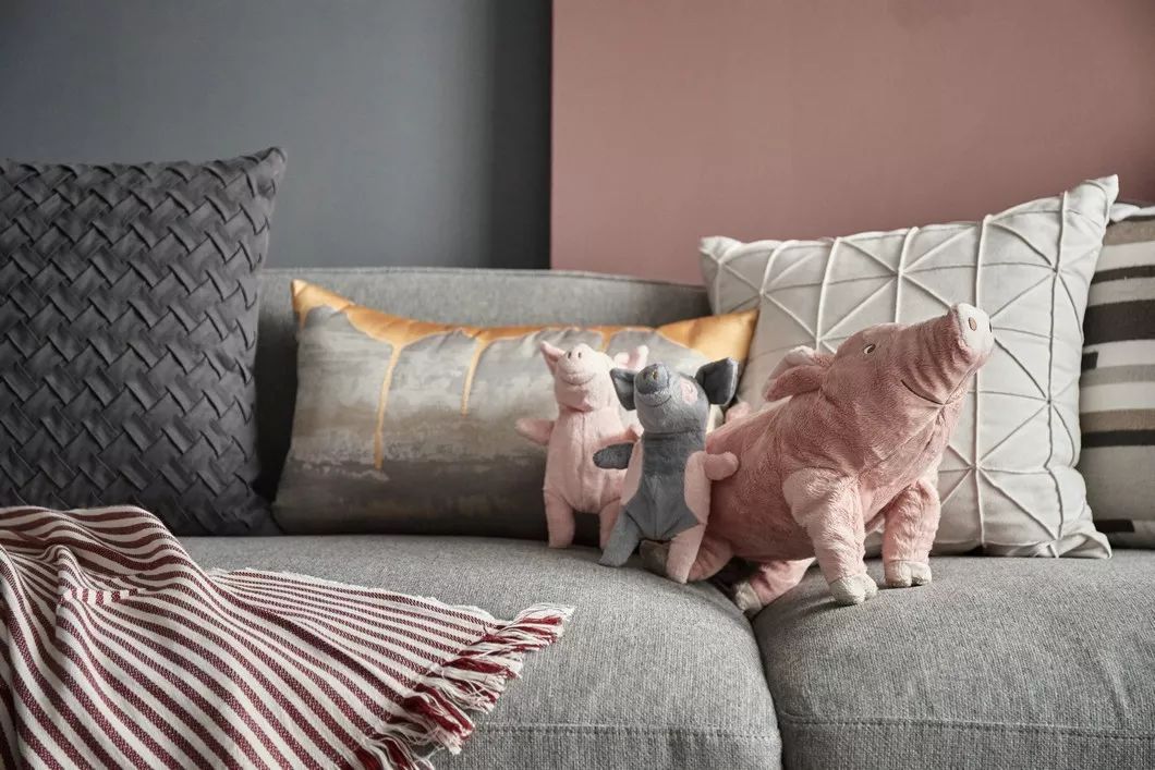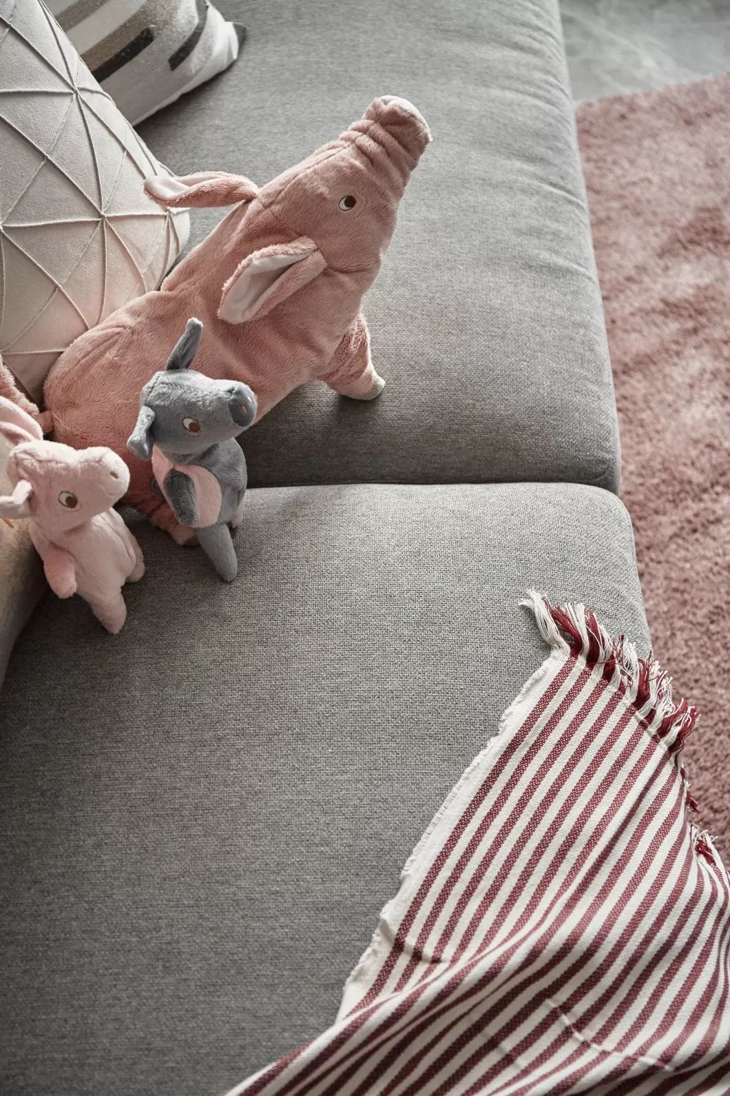 充满童趣的粉色布偶,也与整体风格巧妙呼应,为低调、素雅的空间增添了几分柔美气息。
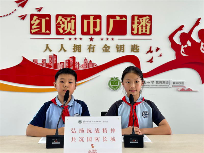 9月19日中午,城中校区红领巾广播的主题是:弘扬抗战精神 共筑国防长城。本次广播的主持人是六1中队蔡雅婷和五2中队黄宸轩。
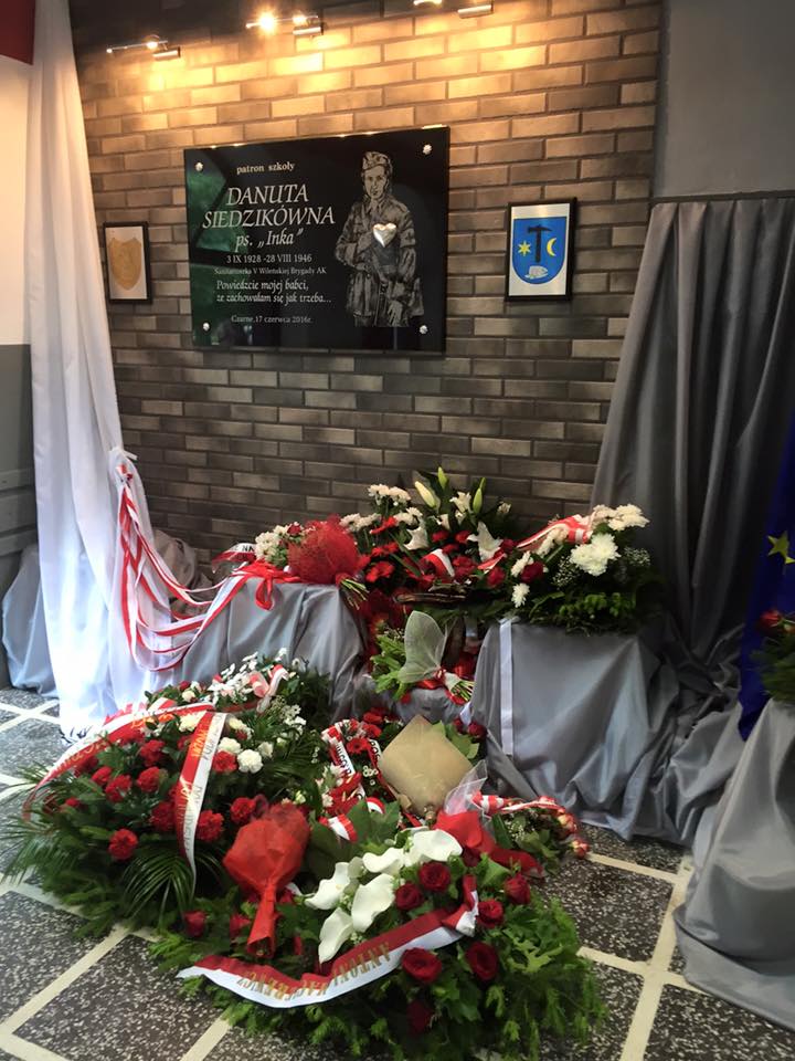 Imię Danuty Siedzikówny otrzymały szkoły w Podjazach, Ostrołęce, Wrocławiu, Kielcach, Sopocie, Ełku, Wiślinie, Polanowie oraz nasza w Czarnem, parki w Sopocie i Kartuzach, ronda w Częstochowie, Lesznie i Malborku

Work item — The answer must be the full listing above, copied exactly, with no pictures in it.

Response —
 充满童趣的粉色布偶,也与整体风格巧妙呼应,为低调、素雅的空间增添了几分柔美气息。
 9月19日中午,城中校区红领巾广播的主题是:弘扬抗战精神 共筑国防长城。本次广播的主持人是六1中队蔡雅婷和五2中队黄宸轩。
 Imię Danuty Siedzikówny otrzymały szkoły w Podjazach, Ostrołęce, Wrocławiu, Kielcach, Sopocie, Ełku, Wiślinie, Polanowie oraz nasza w Czarnem, parki w Sopocie i Kartuzach, ronda w Częstochowie, Lesznie i Malborku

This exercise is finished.